##### Entries provided

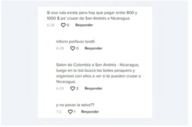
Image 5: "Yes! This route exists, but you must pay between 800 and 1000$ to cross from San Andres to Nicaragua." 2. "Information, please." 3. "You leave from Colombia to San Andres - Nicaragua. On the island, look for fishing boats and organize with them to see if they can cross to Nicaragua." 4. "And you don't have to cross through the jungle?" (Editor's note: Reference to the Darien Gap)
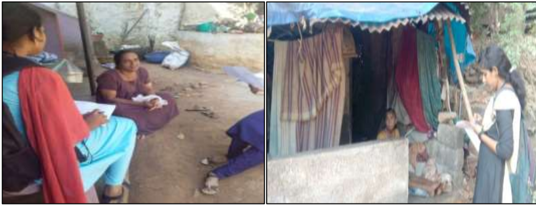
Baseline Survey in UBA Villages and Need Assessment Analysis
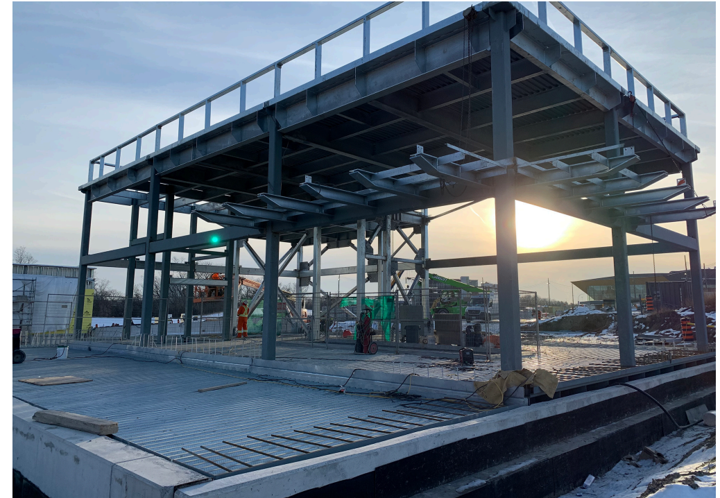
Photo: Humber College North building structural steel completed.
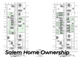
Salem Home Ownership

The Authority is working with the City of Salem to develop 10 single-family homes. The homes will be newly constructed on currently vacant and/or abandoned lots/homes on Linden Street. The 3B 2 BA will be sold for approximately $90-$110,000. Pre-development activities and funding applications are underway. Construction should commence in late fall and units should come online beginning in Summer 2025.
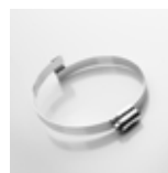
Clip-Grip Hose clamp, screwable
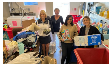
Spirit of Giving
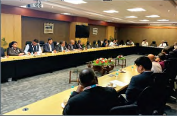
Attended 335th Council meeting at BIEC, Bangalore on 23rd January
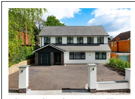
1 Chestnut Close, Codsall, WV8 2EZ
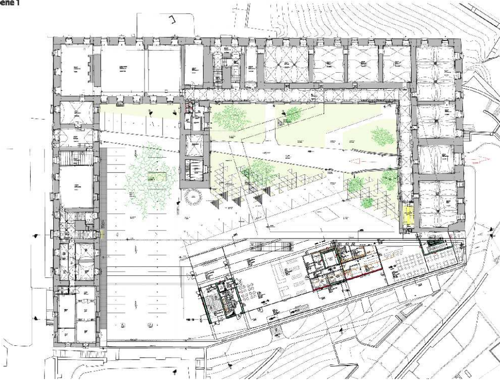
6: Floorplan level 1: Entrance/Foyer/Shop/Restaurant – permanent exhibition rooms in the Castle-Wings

##########
##### Entries provided

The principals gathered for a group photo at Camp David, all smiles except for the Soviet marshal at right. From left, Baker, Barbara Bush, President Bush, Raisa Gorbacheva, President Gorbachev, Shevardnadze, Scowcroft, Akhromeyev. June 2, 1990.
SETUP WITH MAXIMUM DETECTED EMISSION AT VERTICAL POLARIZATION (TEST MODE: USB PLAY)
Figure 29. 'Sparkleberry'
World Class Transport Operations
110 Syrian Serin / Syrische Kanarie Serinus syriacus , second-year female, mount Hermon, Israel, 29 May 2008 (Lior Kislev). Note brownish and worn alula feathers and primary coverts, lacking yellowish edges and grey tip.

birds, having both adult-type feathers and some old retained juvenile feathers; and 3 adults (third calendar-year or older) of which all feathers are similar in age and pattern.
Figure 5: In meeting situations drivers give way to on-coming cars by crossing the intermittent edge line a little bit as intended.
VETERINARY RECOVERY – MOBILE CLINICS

##########
##### Entries provided

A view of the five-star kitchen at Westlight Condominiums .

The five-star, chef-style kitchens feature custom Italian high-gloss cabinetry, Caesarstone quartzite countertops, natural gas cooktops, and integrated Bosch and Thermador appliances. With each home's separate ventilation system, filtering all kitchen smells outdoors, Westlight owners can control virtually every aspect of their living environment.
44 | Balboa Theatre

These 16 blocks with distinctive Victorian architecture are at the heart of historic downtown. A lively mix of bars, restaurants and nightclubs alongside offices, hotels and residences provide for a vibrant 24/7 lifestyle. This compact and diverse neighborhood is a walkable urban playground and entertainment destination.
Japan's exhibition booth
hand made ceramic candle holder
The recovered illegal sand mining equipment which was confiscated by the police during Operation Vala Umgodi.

##########

Activity: Look above for the line containing "Salem Home Ownership", then write out every line from there down to the line containing "Spirit of Giving", that line included, with no pictures.

Result below:
Salem Home Ownership

The Authority is working with the City of Salem to develop 10 single-family homes. The homes will be newly constructed on currently vacant and/or abandoned lots/homes on Linden Street. The 3B 2 BA will be sold for approximately $90-$110,000. Pre-development activities and funding applications are underway. Construction should commence in late fall and units should come online beginning in Summer 2025.
Clip-Grip Hose clamp, screwable
Spirit of Giving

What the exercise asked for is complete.